In this assignment we will describe an imaginary project about a US based home insurance company who would like to have a plan for an independent centralised reporting platform.
Your task will be to evaluate the situation and come-up with a plan to deliver it.

#### WBSS Home Insurance Overview

There is a US based home insurance company who works as an insurance platform. Their USP is that they are acting as a one-stop-shop and provide not just insurance policy handling but water leakage sensors to their clients.
The platform is a website where the clients can login, look and manage their policy statuses, they can enroll to the smart protection program, they can submit claims, and receive alerts when there is a water leakage in the house.
The insurance company works with different 3rd parties for:
- policy management
- sensor shipment and sensor data collection
- customer claim handling

The request is to provide a plan to have an independent centralised business reporting platform under their own premises.

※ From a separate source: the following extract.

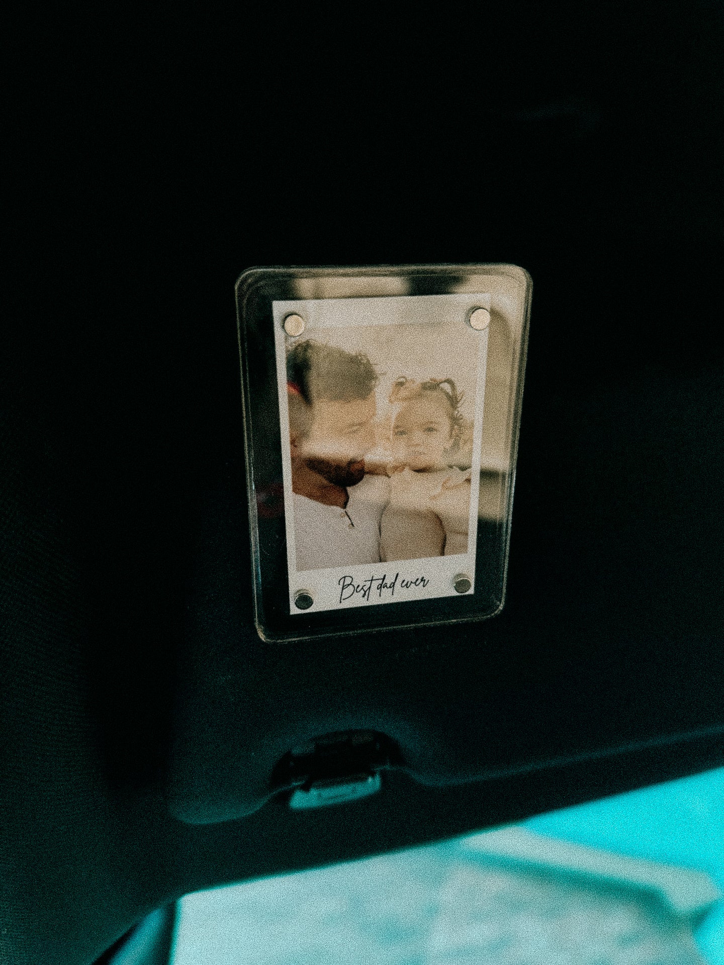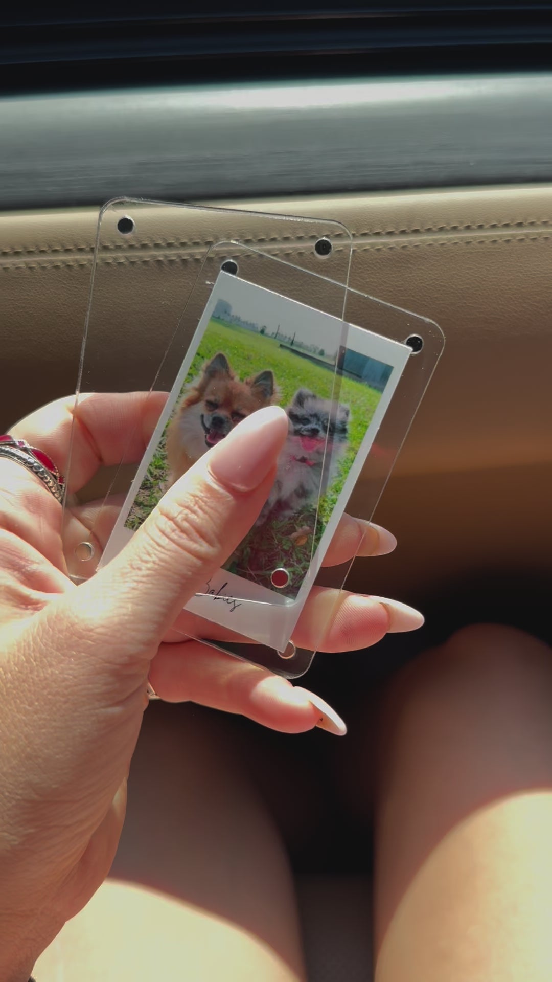 Introducing the magnetic polaroid Sunvisor clip with interchangeable photos! Say goodbye to boring visors and hello to endless customization options. This nifty gadget allows you to switch out photos effortlessly, adding a personal touch to your daily drives. Whether you want to display your favorite memories or switch it up with seasonal snapshots, this clip has got you covered. Embrace the fun and creative side of car accessories with this innovative and charming little addition to your vehicle. Turn your ordinary visor into a vibrant showcase of your personality in just a snap!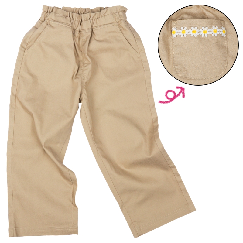 ・素材 綿70% ポリエステル27% ポリウレタン3% ・寸法(約・cm) [100cm]ウエスト44・ヒップ74・総丈56・股上21・股下35 [110cm]ウエスト46・ヒップ78・総丈61.5・股上21.5・股下40 [120cm]ウエスト48・ヒップ82・総丈67.5・股上22.5・股下45

#### Source Systems and Architecture

The WBSS platform itself is a website (built on Azure) where there is a Google Analytics event tracking in place to see platform performance and customer behaviour.
The 3rd party policy management system can provide CSV file extracts on a daily basis about the policy status changes and cover new policies.
The smart home sensor 3rd party vendor is able to share smart home data (customer, event and sensor level information) through providing an AWS RDS server view access.
The claim handling company provided a SOAP API endpoint with access to request data for all needed claims.
The logical relationship between the data points is the following: An insurance holder can have a policy related to a home. In the home there can be installed smart home sensors. These sensors are sending health and alert data that can become a claim in case of a damage. Also, they can submit individual claims through the WBSS platform that is appearing in the claims management system as well.

#### Your Task
- Create a high level architecture plan in Azure where it is possible to integrate all data sources and have a connected datamart. Describe data ingestion for all relevant sources, plan the ETL/ELT pipelines, describe what components you would use and what tools.
- Create a high level estimate for the main tasks.
- List possible risks, and desrcibe how would you mitigate them.
- How would you start to estimate and optimize cloud costs? Please let us know your thought process.
- You can use any (free) tool for your architecture design (e.g. Draw.io, Eraser) and please include a picture of it below. For the estimations and risks, you can use the markdown cell below.
- Be as thorough as possible, if you feel you need to add additional notes to describe your solution, please do so.
- Where you feel you don't have detailed enough information, make your own assumptions and recommendations.


### Exercise 10 Solution:
High-Level Architecture Plan in Azure

To create a centralized business reporting platform, we will leverage the Modern Analytics Architecture on Azure with Azure Databricks as the core engine for data processing and transformation. This architecture will provide a robust, scalable, and efficient system to integrate all data sources and deliver a connected datamart for business intelligence and reporting.

Architecture Overview
This architecture uses a Medallion Data Lake Architecture (Bronze, Silver, Gold) to manage data at different stages:
•	Bronze Layer: Raw data directly from source systems, stored for archival purposes.
•	Silver Layer: Cleaned, deduplicated, and normalized data.
•	Gold Layer: Aggregated, analytics-ready data used for business intelligence.

For Architecture design diagram:Please refer to git repository. 

The key components of this architecture include:

1. Azure Data Lake Storage (ADLS) Gen2
•	Purpose: Central repository for all data, with hierarchical structure.
•	Functionality:
o	Bronze Layer: Stores raw data ingested from external sources, including CSV files, sensor data from AWS RDS, and claims data from SOAP API.
o	Silver Layer: Stores cleaned and structured data after transformation.
o	Gold Layer: Stores aggregated and enriched data ready for analytics and reporting.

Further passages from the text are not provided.